**Listed entries:**
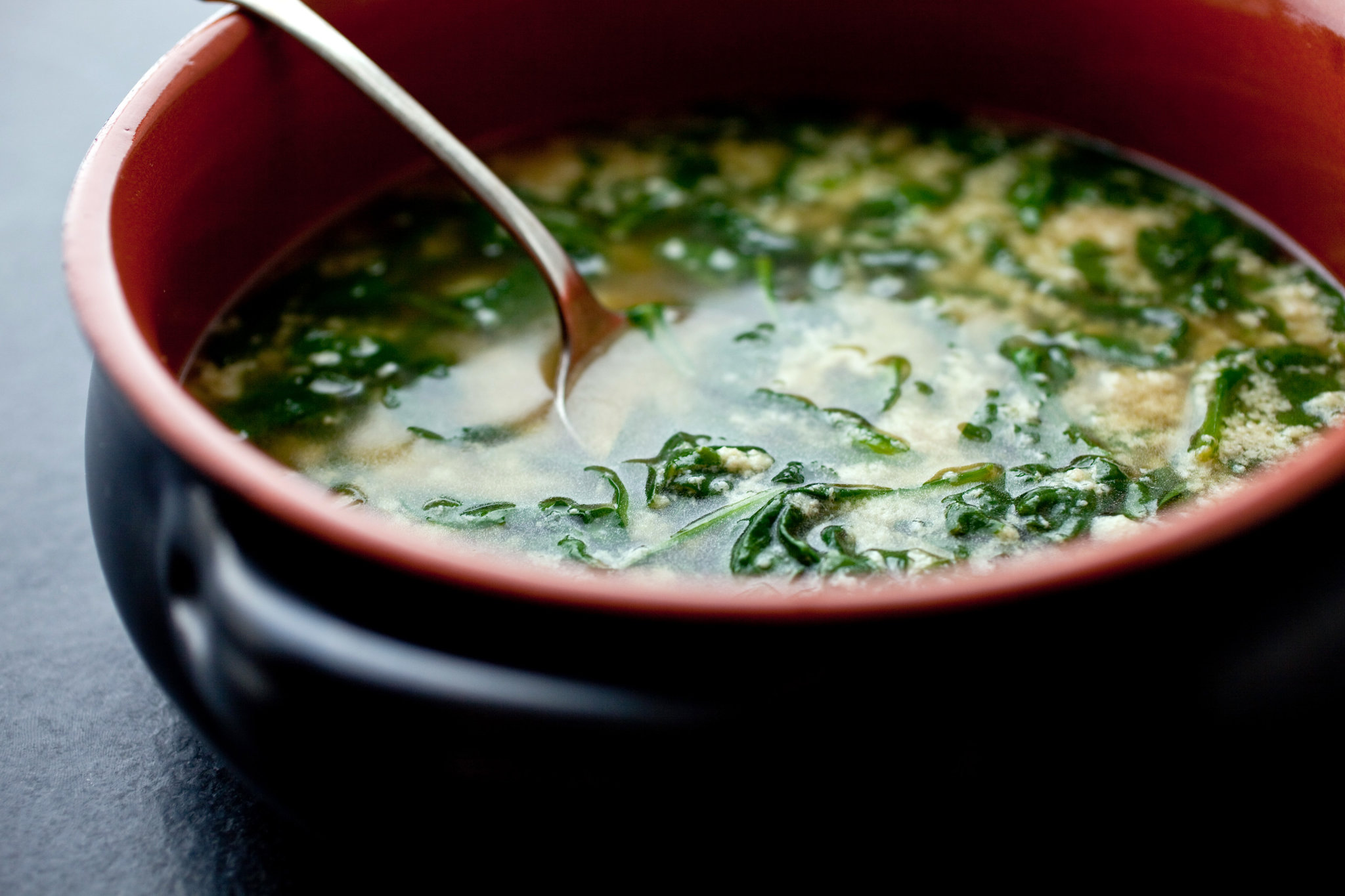 - Stir the spinach into the simmering stock, then drizzle in the egg mixture, scraping all of it in with a rubber spatula. Stir very slowly with the spatula, paddling it back and forth until the little “rags” form. Taste, adjust seasoning and serve at once.
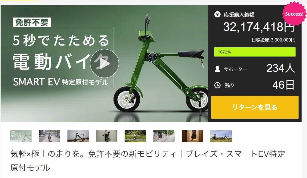 プロジェクトスタート1時間で目標金額を達成し、9月17日(火)現在3,200万円を突破した注目の電動バイクとなっております。近郊にお住いのお客様におかれましては、せひこの機会に、「スマートEV特定原付モデル」をご体感ください!
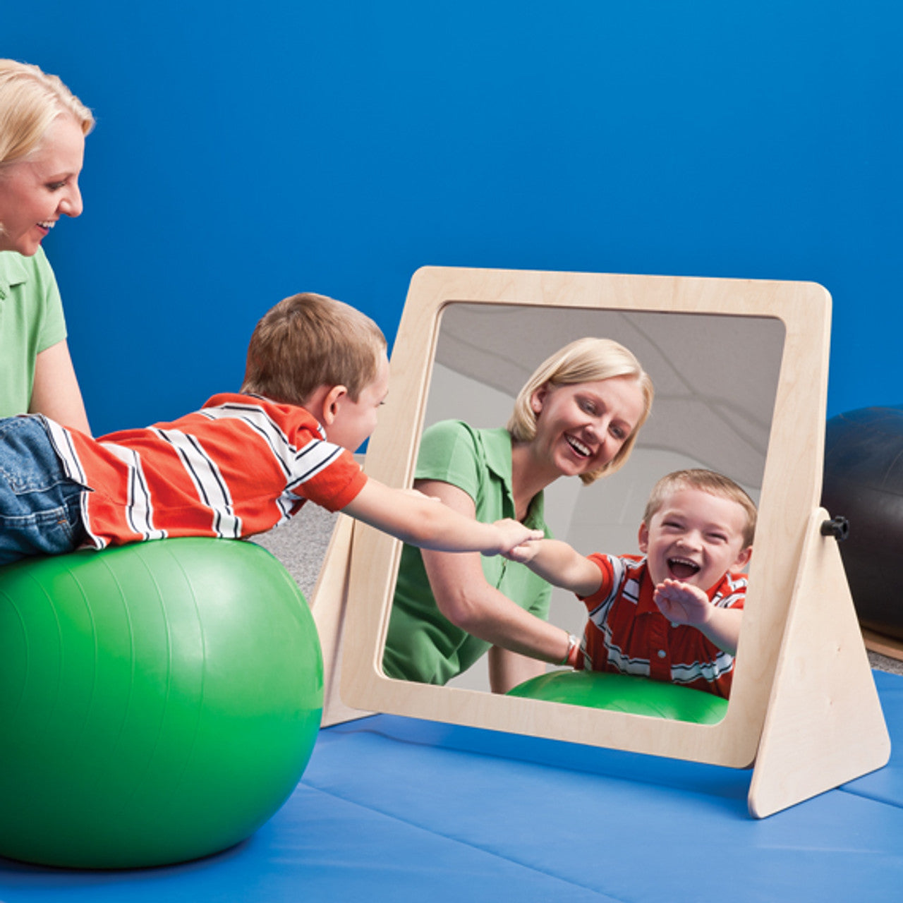 Use the mirrored side to develop visual attention. Use the chalkboard side as an activity to develop fine motor skills. Southpaw's Floor Mirror can be adjusted to almost any angle and easily folds flat for storage. The Adjustable Floor Mirror provides feedback on body posture. It uses visual cues to prompt movement patterns. Made of mirrored plexiglass.
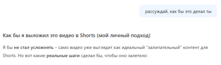 Нейросеть также помогала советами в создании визуальных элементов: например, обложки для Shorts, однако конечный результат создавался моими руками.
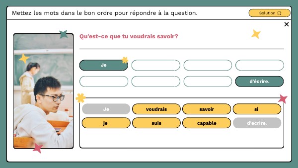 Mettez les mots dans le bon ordre pour répondre à la question.
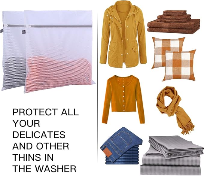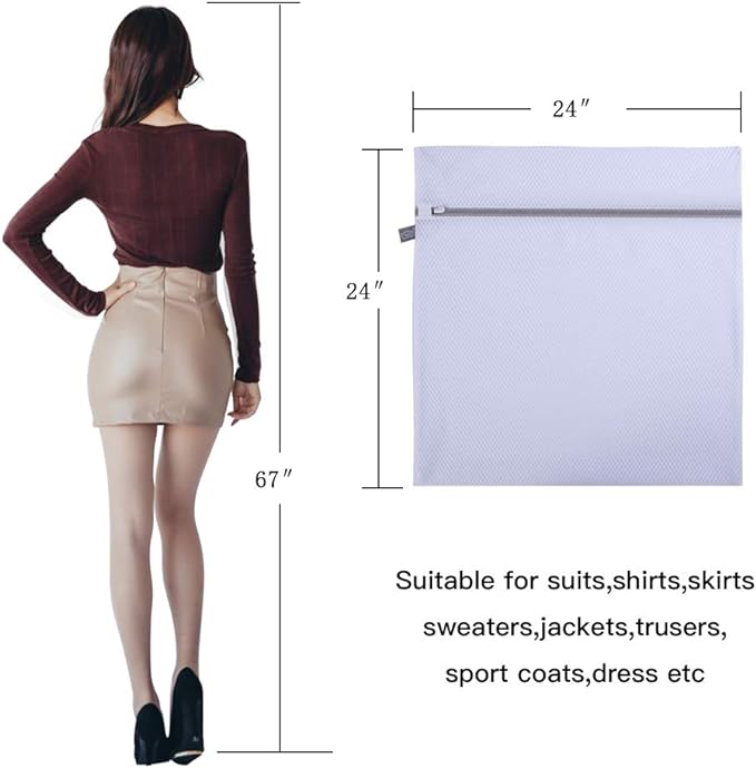 - 【Super Big Size】: Our extra large mesh wash bags is 2pcs 24 inches X 24 inches. This large washing bag can meet the washing needs of many people. It has large space, make washing more adequate , more clean. Suitable for washing Clothes, Jeans and other Large Clothing, As well as Bath Towels, Bed Sheets, Tablecloth, Curtains and other Household Items. Laundry bag
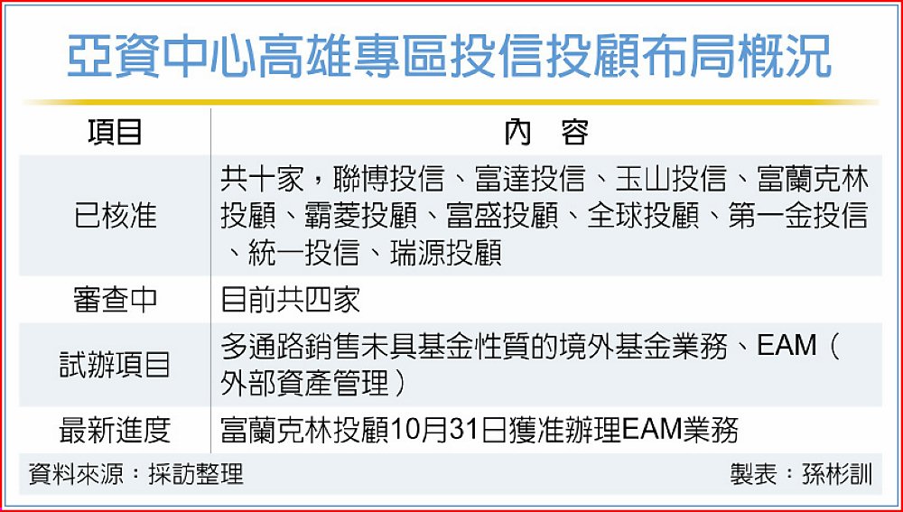 金融機構激戰亞洲資產管理中心高雄專區,投信投顧業視此為重大商機進行布局。據統計,金管會已核准十家投信投顧業者進駐,策略也相當一致,多鎖定與專區內的銀行、證券商跨業合作,一來擴大產品範圍並引進具特色商品,二則鎖定私募相關基金,以此切入高資產客戶並與銀行更深入的整合。
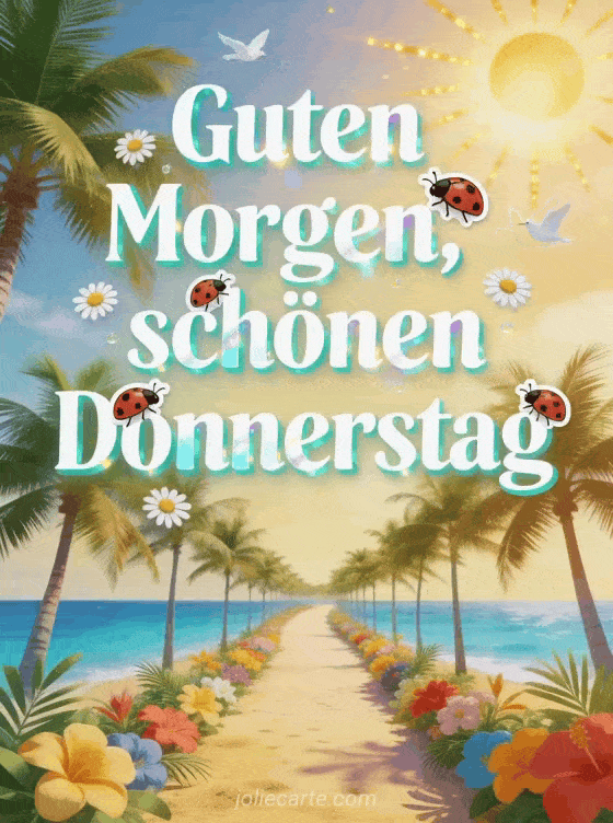 Verschicke einen leuchtenden Gruß für guten Morgen und schönen Donnerstag mit weißer Schrift, türkisfarbenen Reflexen, Marienkäfern, Margeriten, einem Palmenweg am azurblauen Meer, goldenem Sand und tropischen Blumen unter strahlender Sonne. Dazu passen auch diese kostenlose Karte schönen Donnerstag, dieses Schönen Donnerstag wünschen Bild oder dieser schönen Tag Donnerstag.

**Exercise brief:** Print the full listing above exactly. Pictures stay out of the copy.

**Exercise answer:**
 - Stir the spinach into the simmering stock, then drizzle in the egg mixture, scraping all of it in with a rubber spatula. Stir very slowly with the spatula, paddling it back and forth until the little “rags” form. Taste, adjust seasoning and serve at once.
 プロジェクトスタート1時間で目標金額を達成し、9月17日(火)現在3,200万円を突破した注目の電動バイクとなっております。近郊にお住いのお客様におかれましては、せひこの機会に、「スマートEV特定原付モデル」をご体感ください!
 Use the mirrored side to develop visual attention. Use the chalkboard side as an activity to develop fine motor skills. Southpaw's Floor Mirror can be adjusted to almost any angle and easily folds flat for storage. The Adjustable Floor Mirror provides feedback on body posture. It uses visual cues to prompt movement patterns. Made of mirrored plexiglass.
 Нейросеть также помогала советами в создании визуальных элементов: например, обложки для Shorts, однако конечный результат создавался моими руками.
 Mettez les mots dans le bon ordre pour répondre à la question.
 - 【Super Big Size】: Our extra large mesh wash bags is 2pcs 24 inches X 24 inches. This large washing bag can meet the washing needs of many people. It has large space, make washing more adequate , more clean. Suitable for washing Clothes, Jeans and other Large Clothing, As well as Bath Towels, Bed Sheets, Tablecloth, Curtains and other Household Items. Laundry bag
 金融機構激戰亞洲資產管理中心高雄專區,投信投顧業視此為重大商機進行布局。據統計,金管會已核准十家投信投顧業者進駐,策略也相當一致,多鎖定與專區內的銀行、證券商跨業合作,一來擴大產品範圍並引進具特色商品,二則鎖定私募相關基金,以此切入高資產客戶並與銀行更深入的整合。
 Verschicke einen leuchtenden Gruß für guten Morgen und schönen Donnerstag mit weißer Schrift, türkisfarbenen Reflexen, Marienkäfern, Margeriten, einem Palmenweg am azurblauen Meer, goldenem Sand und tropischen Blumen unter strahlender Sonne. Dazu passen auch diese kostenlose Karte schönen Donnerstag, dieses Schönen Donnerstag wünschen Bild oder dieser schönen Tag Donnerstag.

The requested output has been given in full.